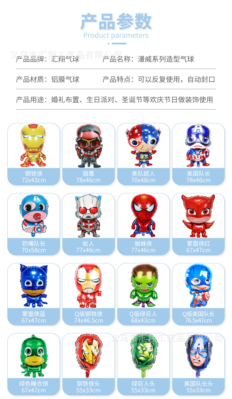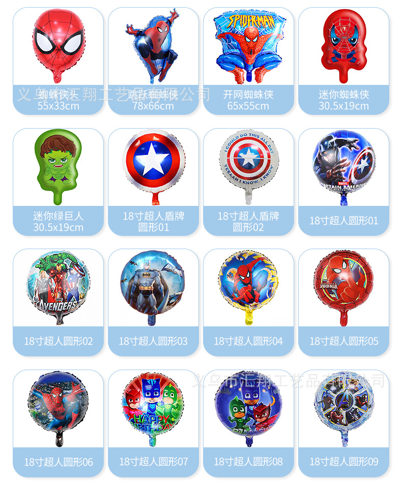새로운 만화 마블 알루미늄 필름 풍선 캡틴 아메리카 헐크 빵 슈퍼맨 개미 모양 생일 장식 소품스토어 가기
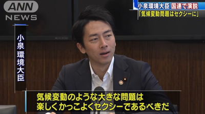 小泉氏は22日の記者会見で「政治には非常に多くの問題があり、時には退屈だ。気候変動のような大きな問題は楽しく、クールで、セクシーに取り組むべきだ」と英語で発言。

===============

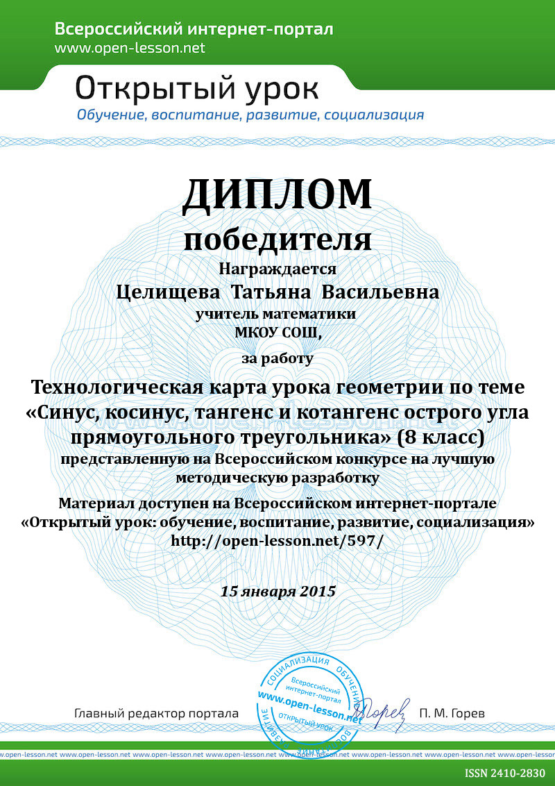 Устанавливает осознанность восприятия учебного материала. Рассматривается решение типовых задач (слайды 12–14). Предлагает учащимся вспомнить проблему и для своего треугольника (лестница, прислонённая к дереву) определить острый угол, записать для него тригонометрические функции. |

===============

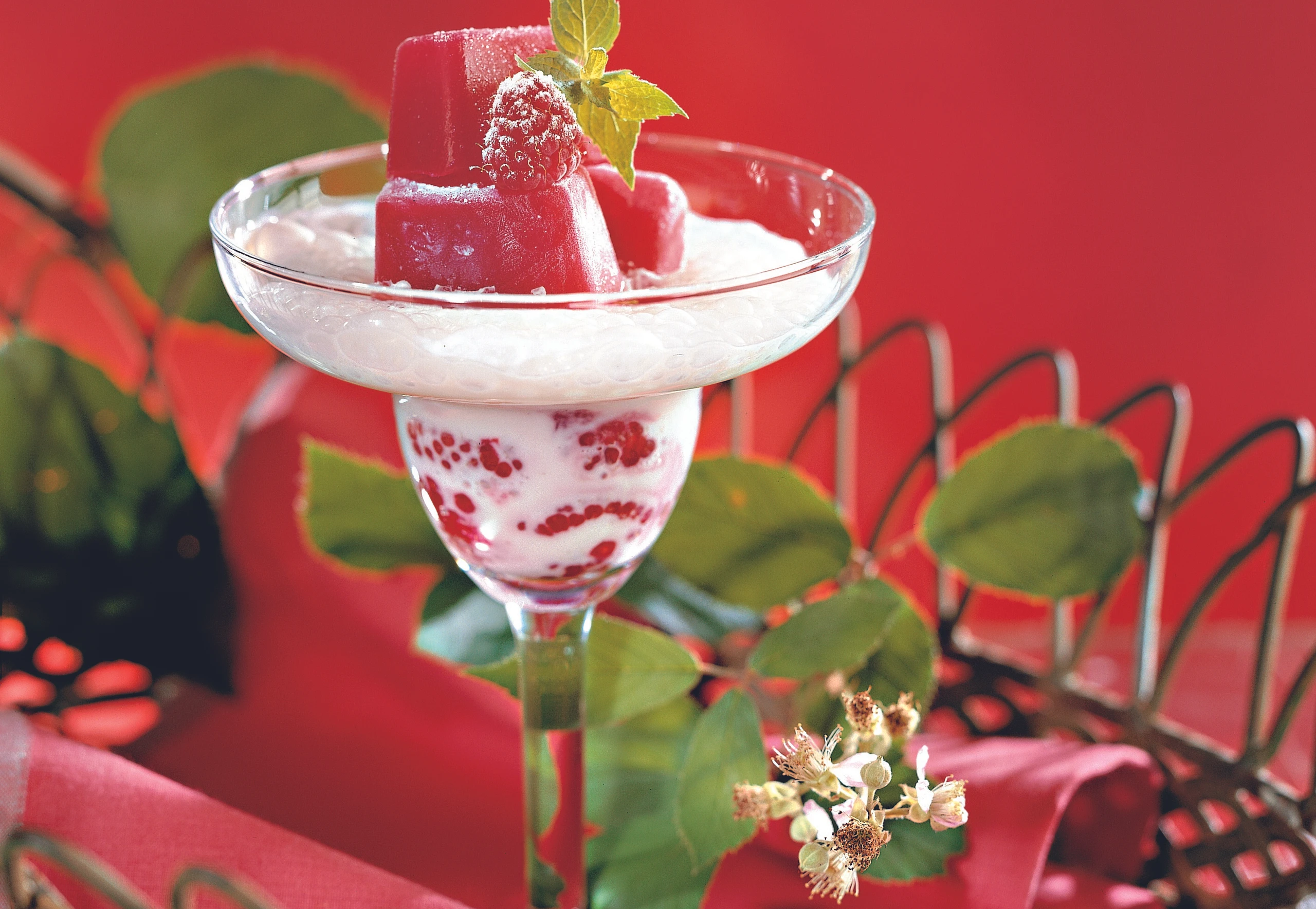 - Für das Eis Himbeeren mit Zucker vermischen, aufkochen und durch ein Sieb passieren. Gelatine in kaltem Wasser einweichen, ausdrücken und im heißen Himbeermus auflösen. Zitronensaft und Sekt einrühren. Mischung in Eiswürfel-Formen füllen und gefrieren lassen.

===============

Once the line with "새로운 만화 마블 알루미늄" is found above, transcribe each line from it through the line with "小泉氏は22日の記者会見で「", exactly, and omit the pictures.

Written solution
새로운 만화 마블 알루미늄 필름 풍선 캡틴 아메리카 헐크 빵 슈퍼맨 개미 모양 생일 장식 소품스토어 가기
 小泉氏は22日の記者会見で「政治には非常に多くの問題があり、時には退屈だ。気候変動のような大きな問題は楽しく、クールで、セクシーに取り組むべきだ」と英語で発言。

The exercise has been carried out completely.